- YOUR OBJECTIVE: Please, without any pictures, transcribe the lines from the one holding "NINETREX Window Privacy" to the end of the listing, both ends included.

- INFORMATION SHOWN:
*** Begin section ***

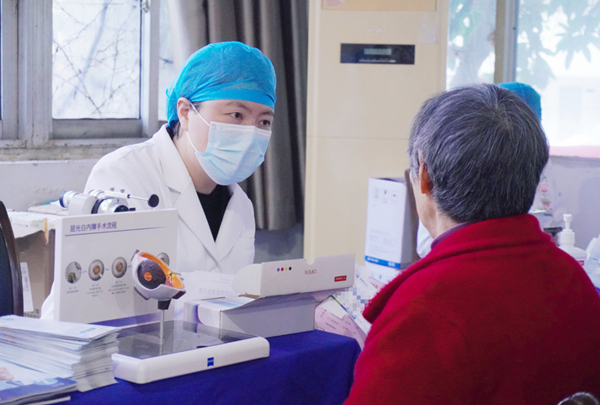 义诊环节,医护人员为退休教职工免费开展视力检测、眼压测量、裂隙灯检查及眼底等基础筛查,细致排查眼部隐。针对检查结果进行一对一解读,为存在眼部健康隐患的居民给出个性化诊疗建议,并建立详细的健康档案以便后续跟踪随访。
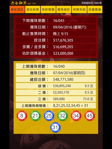 終極神算 - 綜合所有神算機率公式統計出20個號碼.再由聰明組合計算10組號碼,以最高機率博取最大中彩率。
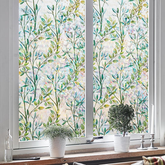 NINETREX Window Privacy Film Stained Glass Window Film 3D Decorative Cling,Sun Blocking Static Cling Removable Film for Glass Door,Home Decor Window Cover Non-Adhesive 11.8 x 78.7 inches,Leaf
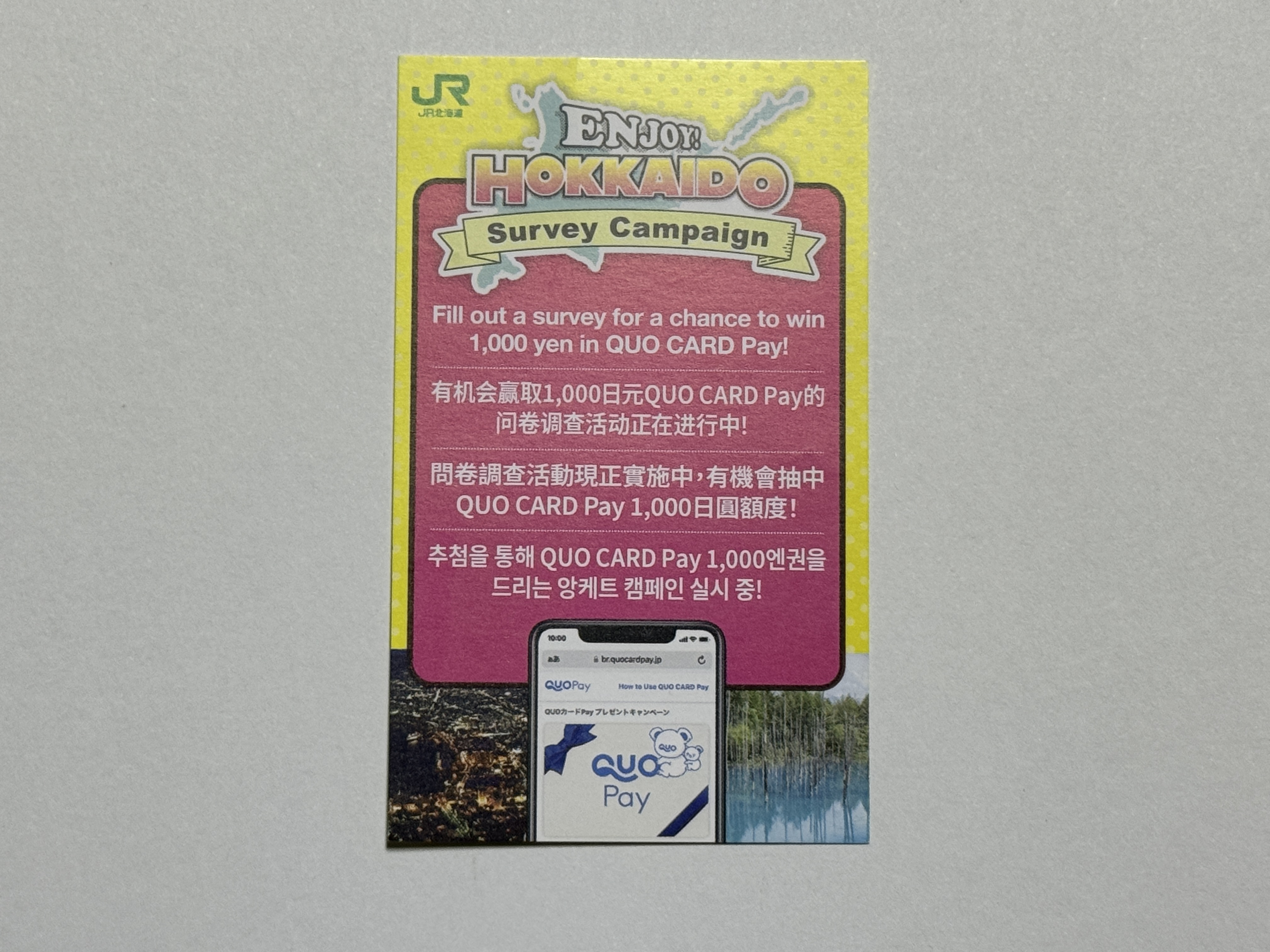추첨이라지만 아무리 봐도 모두에게 다 주는 듯한 QUO Pay 설문조사 캠페인 안내 카드를 받고

*** End section ***

- FINISHED EXERCISE:
 NINETREX Window Privacy Film Stained Glass Window Film 3D Decorative Cling,Sun Blocking Static Cling Removable Film for Glass Door,Home Decor Window Cover Non-Adhesive 11.8 x 78.7 inches,Leaf
추첨이라지만 아무리 봐도 모두에게 다 주는 듯한 QUO Pay 설문조사 캠페인 안내 카드를 받고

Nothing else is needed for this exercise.